>>>>
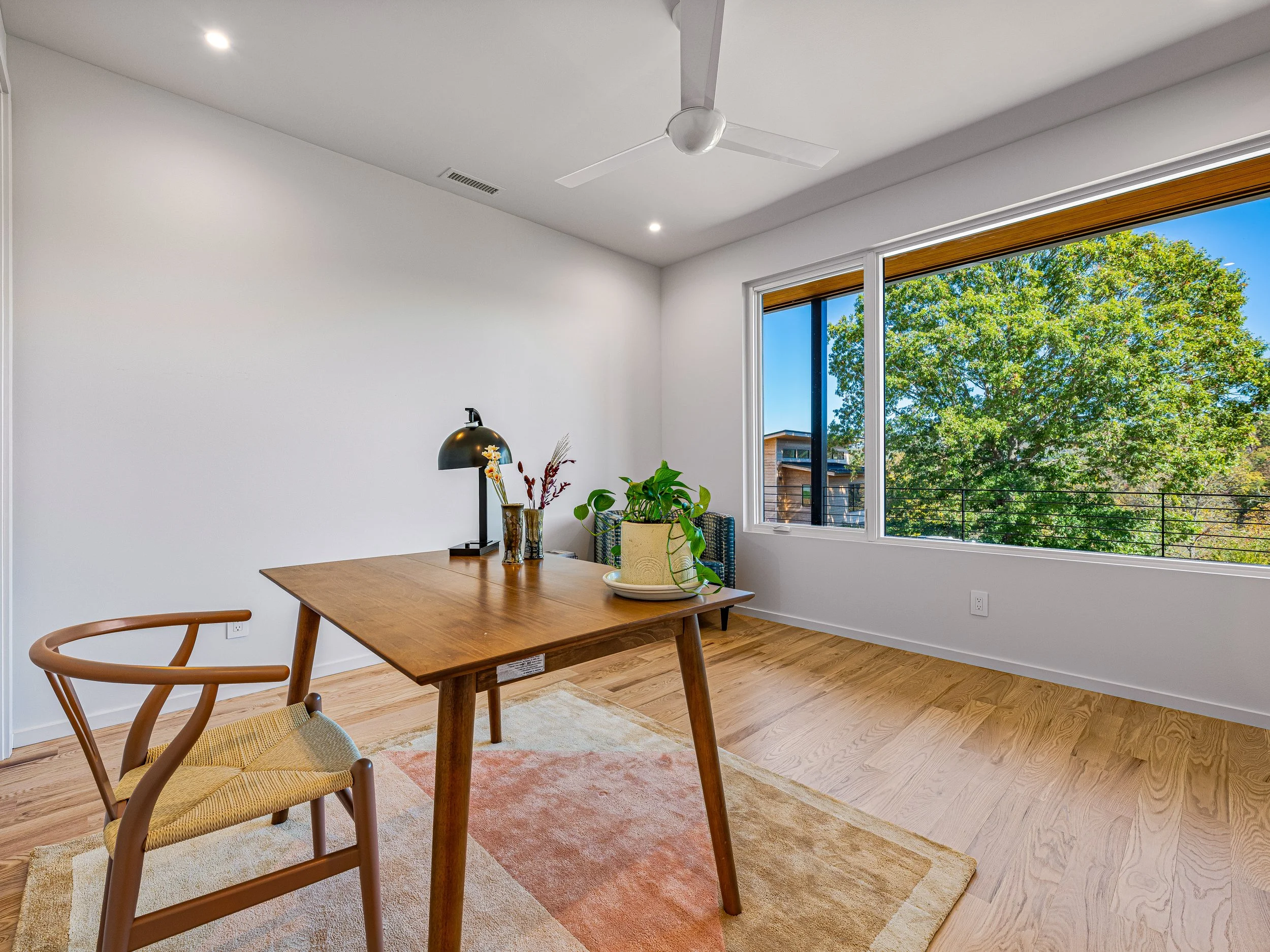 Upon entry, the home opens to distant ridge views. An open kitchen and living room provide an easy setting for entertaining. The kitchen includes quartz countertops and an integrated appliance suite—refrigerator, dishwasher, and induction range. Oak flooring unifies the upper and lower levels.
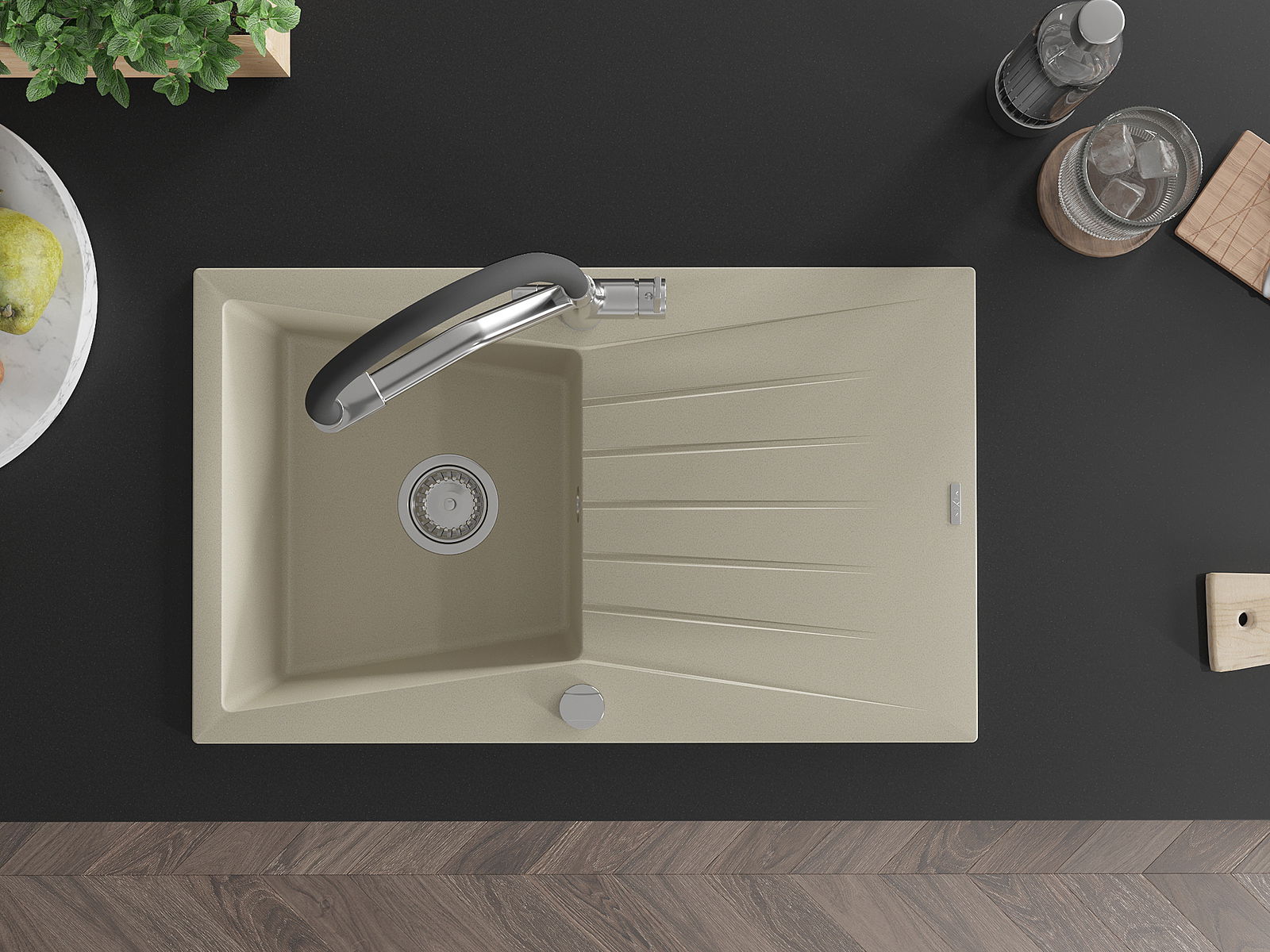 Mexen Cesar гранитна мивка с една камера с отцедник и кухненски смесител Duo, бежов - 6514-69-671701-07
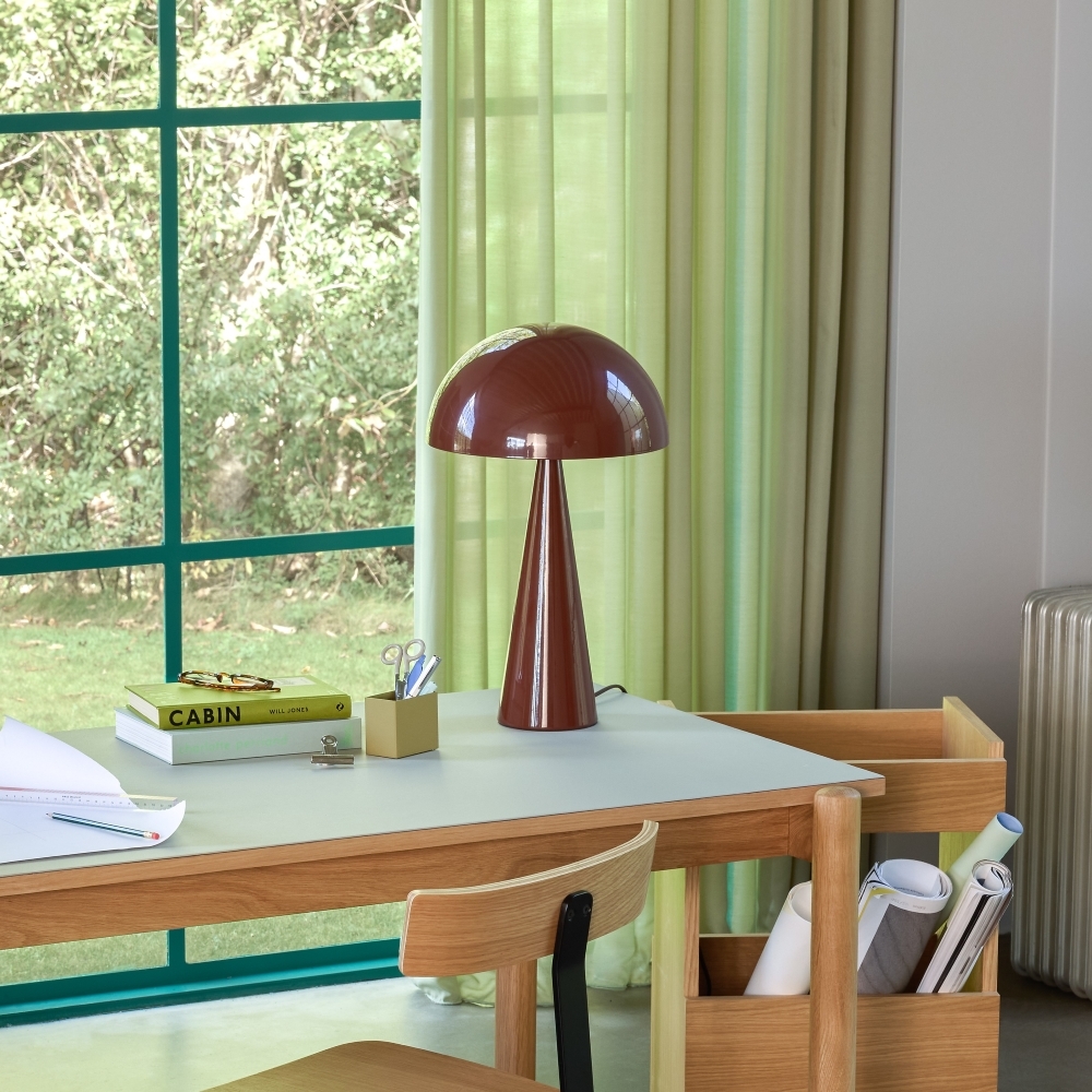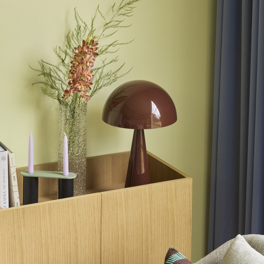 Mush Bordlampen i varm brun med en højglansfinish tilføjer øjeblikkelig charme og sofistikation til dit hjem. Uanset om den er placeret på et natbord eller arrangeret på en bogreol, skaber den et blødt, indbydende skær, der forvandler ethvert hjørne til et hyggeligt tilflugtssted.Læs mere
<<<<
Everything from the opening line of the data through the line with "Mexen Cesar гранитна" should be repeated exactly; leave the pictures out.

Output for this task
 Upon entry, the home opens to distant ridge views. An open kitchen and living room provide an easy setting for entertaining. The kitchen includes quartz countertops and an integrated appliance suite—refrigerator, dishwasher, and induction range. Oak flooring unifies the upper and lower levels.
 Mexen Cesar гранитна мивка с една камера с отцедник и кухненски смесител Duo, бежов - 6514-69-671701-07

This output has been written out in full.